Exercise description: Write out the data exactly, please, and omit the pictures.

Data shown:
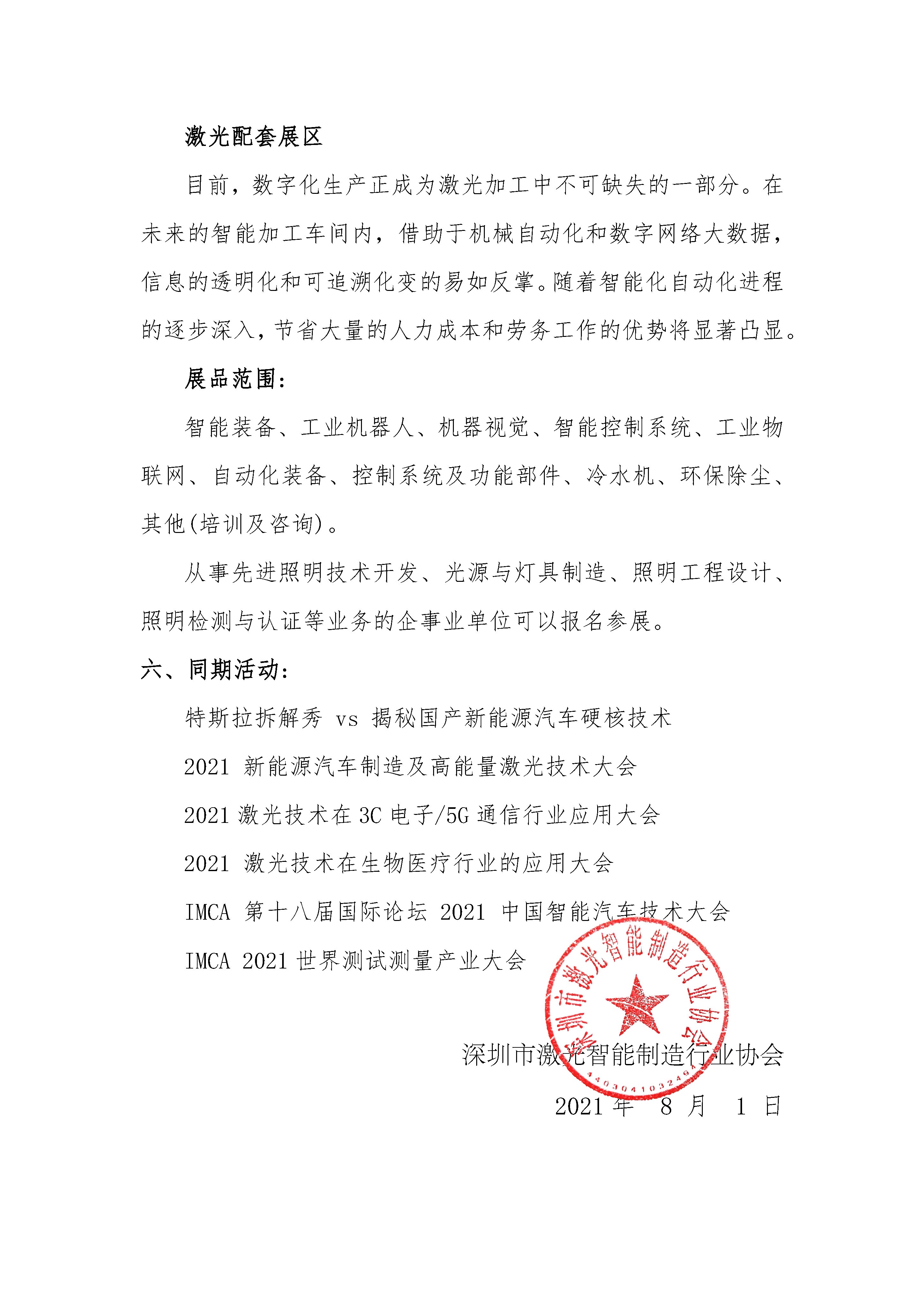关于举办“2021 第 15 届深圳国际激光与智能装 备、光电技术博览会”的通知
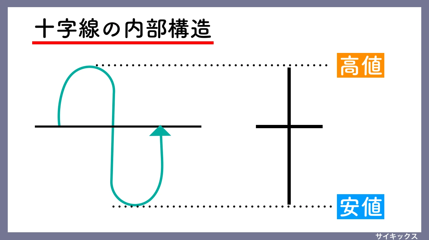同じ「十字線」という形でもプライスアクションによって意味が変わる。
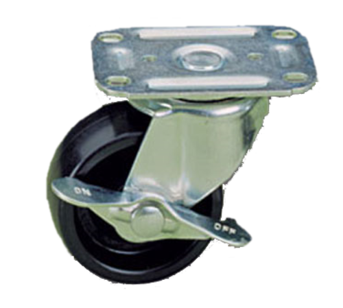 Caster, light duty, swivel, 2-3/4" x 3-3/4" plate, 3" diameter, no ball bearing, side brake, 100 lb. load capacity, black polyolefin wheel
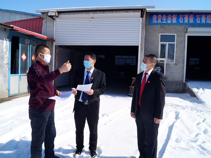 3月5日,根据院党组工作安排,开展了线下法官送法进企业活动,该院党组成员、常务副院长侯立卿、立案庭庭长陈卫仕一行走访了龙江银行牡丹江分行林口支行、龙海木业等企业,向企业发放了《风险告知书》,询问了当前复工复产存在的困难,并就企业生产经营中可能出现的风险进行了提醒。
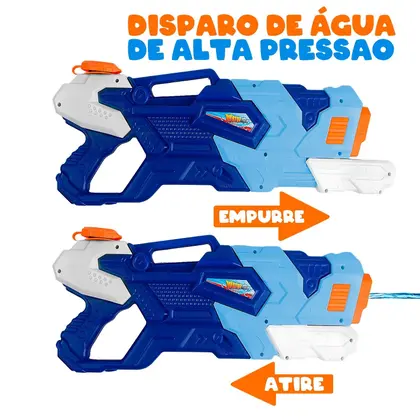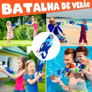 Design e Material: O design é robusto, no estilo “bazuca”, e é construído em plástico resistente e durável (próprio para uso aquático e externo).
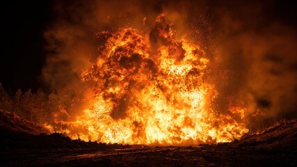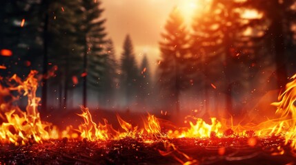 An intense forest fire engulfing trees with dramatic flames and smoke, showcasing the raw power of nature and the urgent need for environmental protection and awareness.

Response box:
关于举办“2021 第 15 届深圳国际激光与智能装 备、光电技术博览会”的通知
同じ「十字線」という形でもプライスアクションによって意味が変わる。
 Caster, light duty, swivel, 2-3/4" x 3-3/4" plate, 3" diameter, no ball bearing, side brake, 100 lb. load capacity, black polyolefin wheel
 3月5日,根据院党组工作安排,开展了线下法官送法进企业活动,该院党组成员、常务副院长侯立卿、立案庭庭长陈卫仕一行走访了龙江银行牡丹江分行林口支行、龙海木业等企业,向企业发放了《风险告知书》,询问了当前复工复产存在的困难,并就企业生产经营中可能出现的风险进行了提醒。
 Design e Material: O design é robusto, no estilo “bazuca”, e é construído em plástico resistente e durável (próprio para uso aquático e externo).
 An intense forest fire engulfing trees with dramatic flames and smoke, showcasing the raw power of nature and the urgent need for environmental protection and awareness.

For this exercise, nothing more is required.